А Уинстону показалось, что, прежде чем он ответил, прошло очень много времени. Он как будто лишился дара речи. Язык шевелился беззвучно, прилаживаясь к началу то одного слова, то другого, опять и опять. И покуда Уинстон не произнес ответ, он сам не знал, что скажет.
– Нет, – выдавил он наконец.
– Хорошо, что вы сказали. Нам необходимо знать все. – О’Брайен повернулся к Джулии и спросил уже не так бесстрастно: – Вы понимаете, что, если даже он уцелеет, он может стать совсем другим человеком? Допустим, нам придется изменить его совершенно.
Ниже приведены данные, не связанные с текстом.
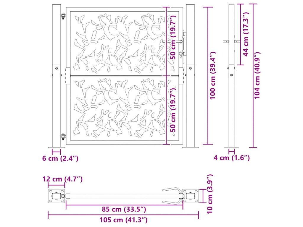 - Odolná konštrukcia: Táto plotová brána je vyrobená z kortenovej ocele. Kortenová oceľ, tiež známa ako oceľ odolná voči poveternostným vplyvom. Je vo svojej podstate antikorózna. Pri prvom vystavení atmosférickým podmienkam sa na nej vytvorí hrdzavá vrstva, ktorá chráni pred koróziou. Preto ju nemusíte natierať. Vďaka tomu ušetríte náklady na údržbu a opravy. Výrazný hnedý odtieň cortenovej ocele zaručene upúta pozornosť. Oceľ je odolná voči poveternostným podmienkam, a je mimoriadne trvácna a obstojí v skúške časom.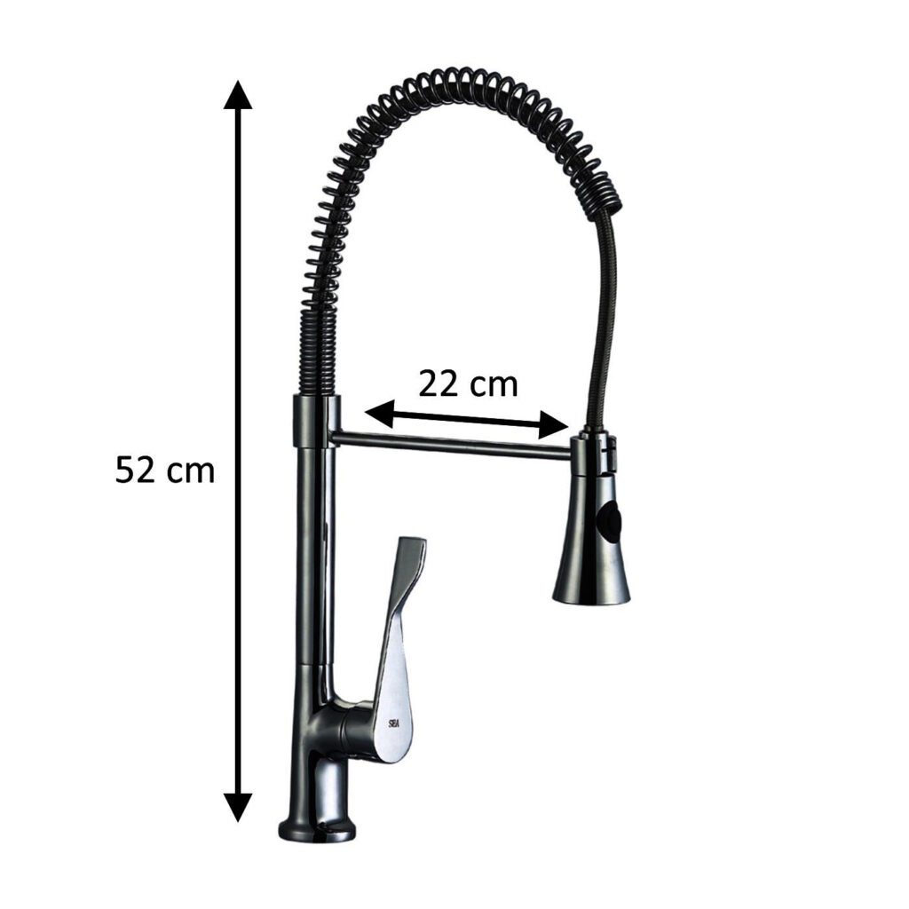 Baterie de bucatarie Z-Inox ZLN8153 cu gat flexibil de 45 cm, corp din alama, suprafata cromata, doua moduri de stropire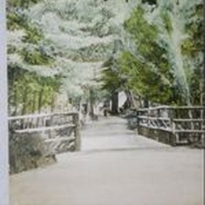 Photo--color: Photo of old postcard: Caption: Foot bridge, Eaglenest, Guerneville, Cal" 1911,

Лицо, движения, форма рук, цвет волос… даже голос будет другой. И вы сама, возможно, подвергнетесь такому же превращению. Наши хирурги умеют изменить человека до неузнаваемости. Иногда это необходимо. Иногда мы даже ампутируем конечность.
Уинстон не удержался и еще раз искоса взглянул на монголоидное лицо Мартина. Никаких шрамов он не разглядел. Джулия побледнела, так что выступили веснушки, но смотрела на О’Брайена дерзко. Она пробормотала что-то утвердительное.
– Хорошо. Об этом мы условились.
На столе лежала серебряная коробка сигарет. С рассеянным видом О’Брайен подвинул коробку к ним, сам взял сигарету, потом поднялся и стал расхаживать по комнате, как будто ему легче думалось на ходу. Сигареты оказались очень хорошими – толстые, плотно набитые, в шелковистой бумаге. О’Брайен снова посмотрел на часы.
– Мартин, вам лучше вернуться в буфетную, – сказал он. – Через четверть часа я включу. Пока не ушли, хорошенько присмотритесь к лицам товарищей. Вам предстоит еще с ними встречаться. Мне – возможно, нет.
Точно так же, как при входе, темные глаза слуги пробежали по их лицам. В его взгляде не было и намека на дружелюбие. Он запоминал их внешность, но интереса к ним не испытывал – по крайней мере не проявлял. Уинстон подумал, что синтетическое лицо просто не может изменить выражение. Ни слова не говоря и никак с ними не попрощавшись, Мартин вышел и бесшумно затворил за собой дверь. О’Брайен мерил комнату шагами, одну руку засунув в карман черного комбинезона, в другой держа сигарету.